Your Employee Handbook – At Seay Management, we have always said that your handbook should contain all the employment policies you need but none of the employment policies that could get you in trouble. Here are some examples of policies where you may want to exercise caution.
Some handbooks have a policy that reads, “Your pay rate is private and confidential and you may not discuss it or reveal it to other employees.” According to the NLRB, this policy restricts protected concerted activity so, on that basis, should be omitted from your employee handbook. Employees have the protected right to discuss their wages among themselves and employers may not prohibit employees from talking about their pay or revealing their pay rates to others.
Similarly, when investigating an employee complaint, we cannot require him or her to keep the investigation confidential and not speak to others about it. Employment investigations should be kept as confidential as the situation allows but, in most cases, we cannot restrict an employee from talking about it.
In the same vein, we may not restrict employees from circulating a petition, either in hard copy or digital format.
For these reasons and others, it is more important than ever to have full and open communications like a formal employee complaint procedure, an Open Door Policy, and an employee Opinion Survey every several years.

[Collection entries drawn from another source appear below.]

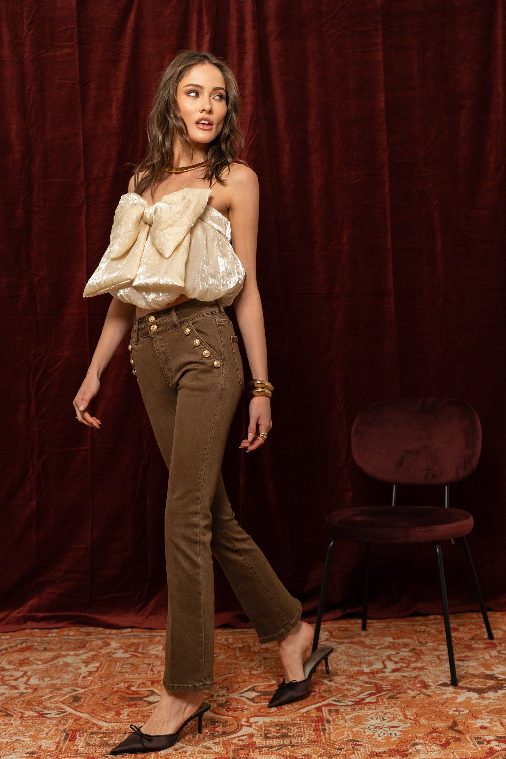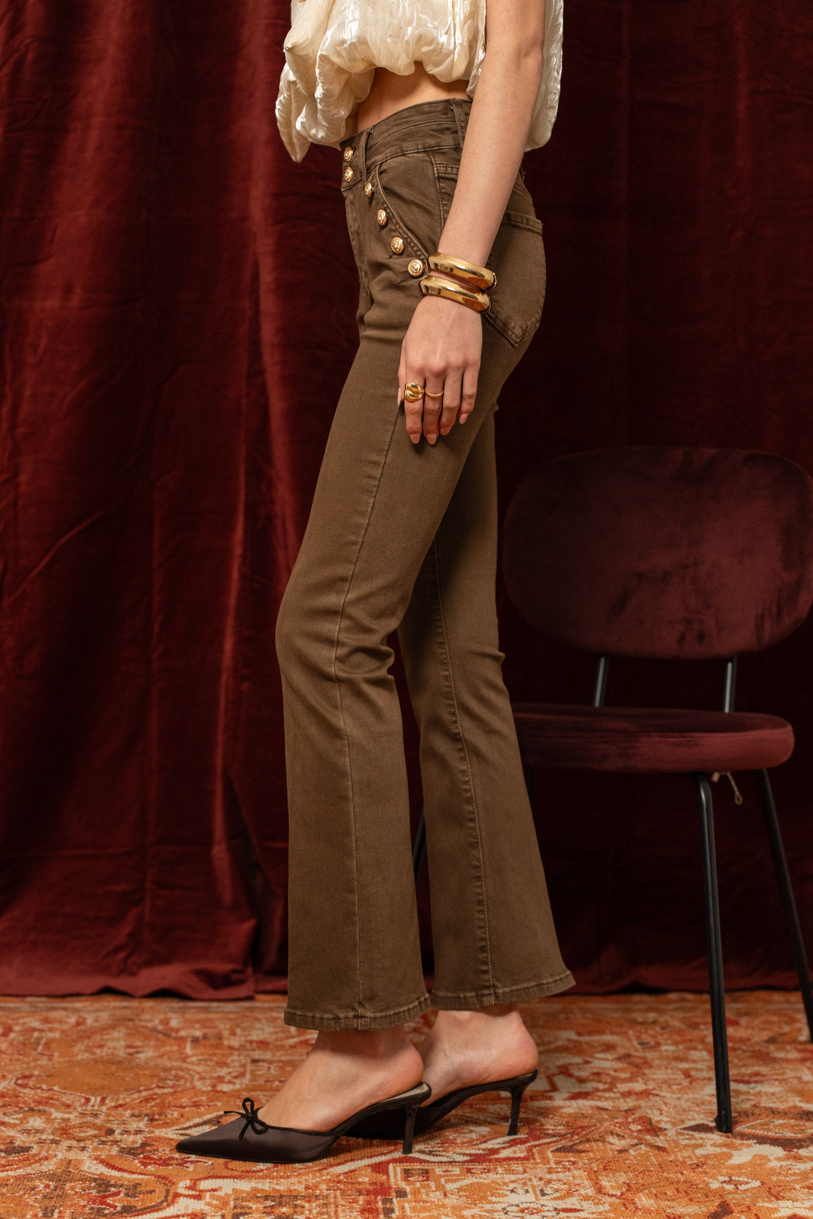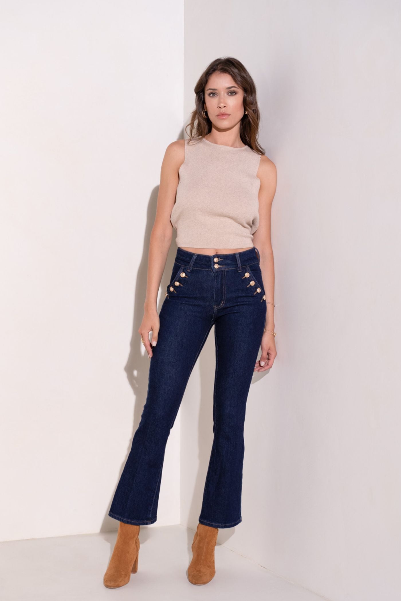 - Diseño: Pantalón vaquero azul crudo con 4 bolsillos y cremallera. Botones dorados de cintura media
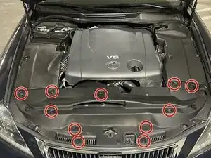 В этом руководстве описаны шаги, необходимые для замены лампы ближнего света в Lexus IS250 2006–2013 годов выпуска.
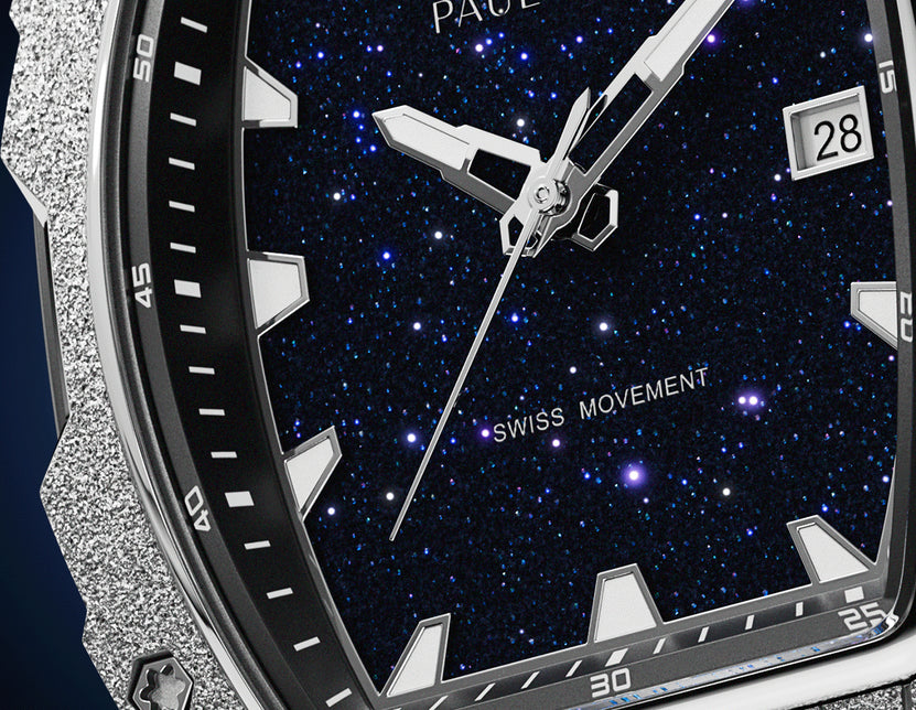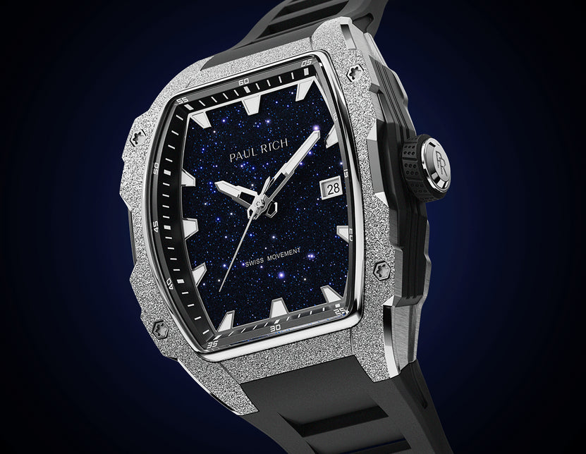 Présentation du Paul Rich Astro, un chef-d'œuvre givré en forme de tonneau alliant harmonieusement style et innovation. Son cadran en pierre d'aventurine naturelle capture l'essence du cosmos, tandis que les aiguilles et index lumineux assurent une visibilité exceptionnelle, de jour comme de nuit.

At this point, we are not recommending a full-scale revision of your employee handbook based on this latest NLRB ruling, but are recommending that you keep your ear close to the ground as these issues make their way through the system and that you remove any policy that might restrict employees’ rights to protected, concerted activity.
Severance Agreements – Some employers use severance agreements for some employees who leave, whether voluntarily or involuntarily. The NLRB is now challenging two provisions of severance agreements – (1) the confidentiality provision and (2) the non-disparagement provision. The confidentiality provision prohibits a person from discussing the amount of the severance pay and other elements of the agreement, and the non-disparagement provision usually prevents the person from making comments critical of the employer. The NLRB is taking the position that these two provisions violate the right to “protected concerted activity.” It is our opinion that your attorney should draft any severance agreement that you may decide to use.